Next week, the same mistake.
This cycle is not a model failure. It's a memory architecture failure. The feedback loop between human judgment and system improvement doesn't close unless you deliberately close it. (And nobody tells you this when you start building with agents. The demos don't show the correction loop. They show the capability.)
Borges is the architecture I built to close that loop. (Named for Jorge Luis Borges — the Argentine author who wrote about infinite libraries, labyrinthine memory systems, and stories where every moment branches into infinite parallel possibilities. The naming is slightly pretentious and I stand by it entirely.)
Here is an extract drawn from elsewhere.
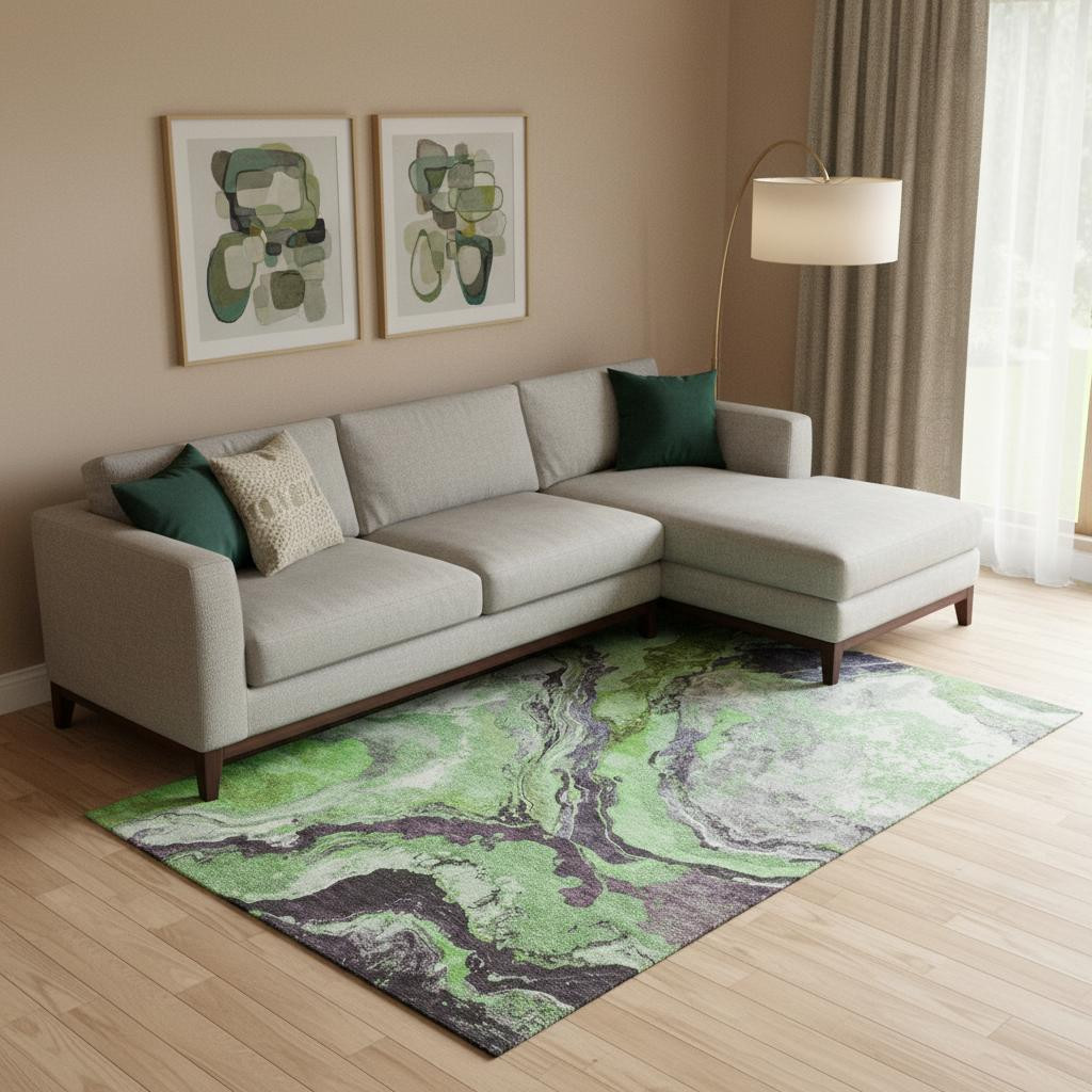 This 10-foot x 14-foot green lavender and ivory abstract washable area rug with uv protection, is a great way to add warmth to a room. Ideal for spaces with kids and pets, this rug is stain resistant to help repel dirt and spilled liquids. Built to last, this rug crafted from polyester fibers is known for its durability and long lasting appeal. Rugs are a great way to showcase your style, hide imperfections, warm your home and reduce noise. This larger sized, transitional styled rug is ready to create a focal point or statement piece in your room. 120.00-inch h x 168.00-inch w x 0.39-inch d.

What "Compounding Corrections" Actually Means
A correction that compounds works like this:

Monday: I correct APRIL's output — the draft cited a source URL that had 404'd.
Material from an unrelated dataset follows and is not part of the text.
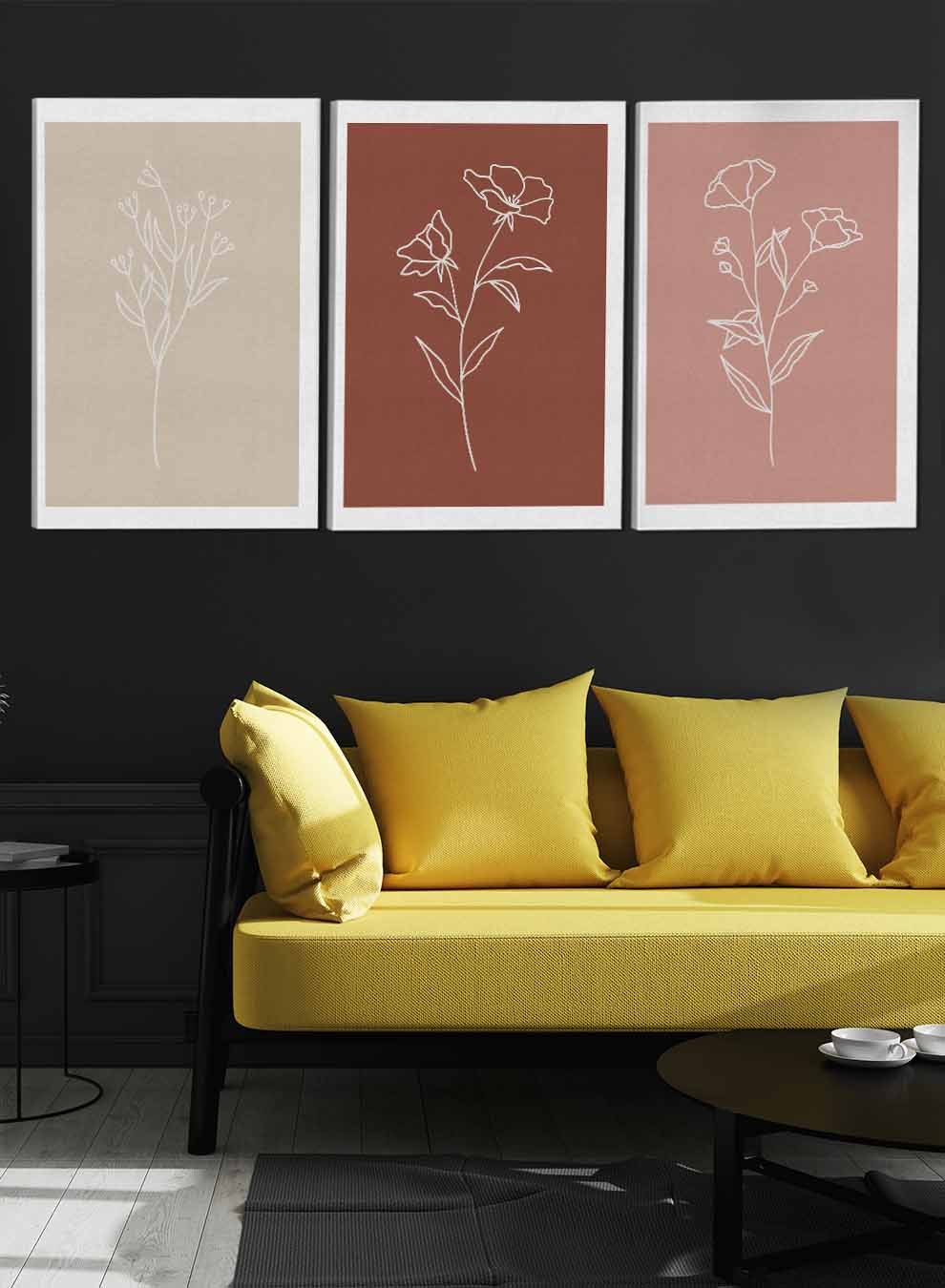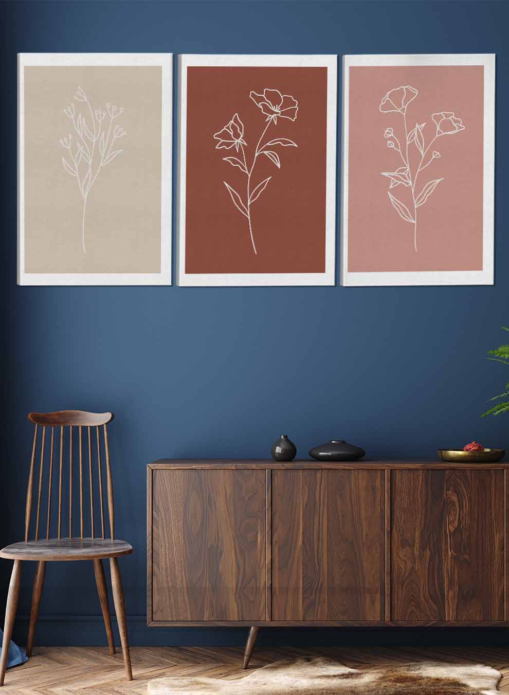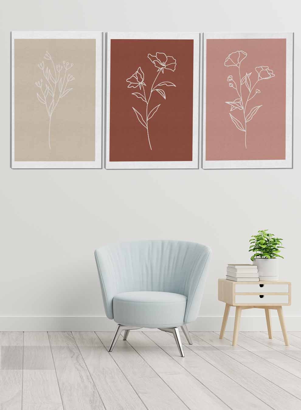 Botanical Flowers Abstract Paintings(set of 3) - Al Rugaib Furniture

Monday, 20 seconds later: APRIL writes to `shared/ERRORS.md`: ``` ## 2026-03-31: Source URL 404'd in published draft (APRIL) [DARWIN: blog-exec] - Error: Draft cited arxiv.org/abs/2601.XXXX — URL returned 404 at time of review - Fix/Rule: Validate all external URLs resolve before draft moves to review stage - Severity: medium ```
APRIL writes this *before* replying to me. Not after. Before. (The ordering is the whole thing. If the agent replies first, the session can get compacted — context truncated — and the error note never gets written. DO → WRITE → REPLY is a boot-level rule.)
Monday night: Borges runs nightly consolidation. Cross-agent rule added to LEARNINGS.md.
Sunday 1:30 AM: The weekly harvest reads ERRORS.md. The blog-exec error appears in Section 3 (Rule Violations).
Sunday 2:00 AM: Darwin mutates blog-exec. Sandboxes. Scores. Promotes.
Following Monday: APRIL's blog-exec skill now includes URL validation. The 404 mistake doesn't happen again. Not because I remembered. Because the skill itself changed.
The Architecture: What Borges Actually Is
Borges is not a single file. It's a set of behaviors:
- The correction entry point: `shared/ERRORS.md`
- The cross-agent knowledge base: `shared/LEARNINGS.md`
- The nightly consolidation: reads session memory across all agents, extracts durable lessons
- The daily memory logs: `memory/YYYY-MM-DD.md` for session continuity
- The Darwin bridge: `[DARWIN: skill-name]` tags route errors to the optimization queue
Every agent reads ERRORS.md and LEARNINGS.md at session start. Not as a courtesy — as a boot requirement, before any task begins.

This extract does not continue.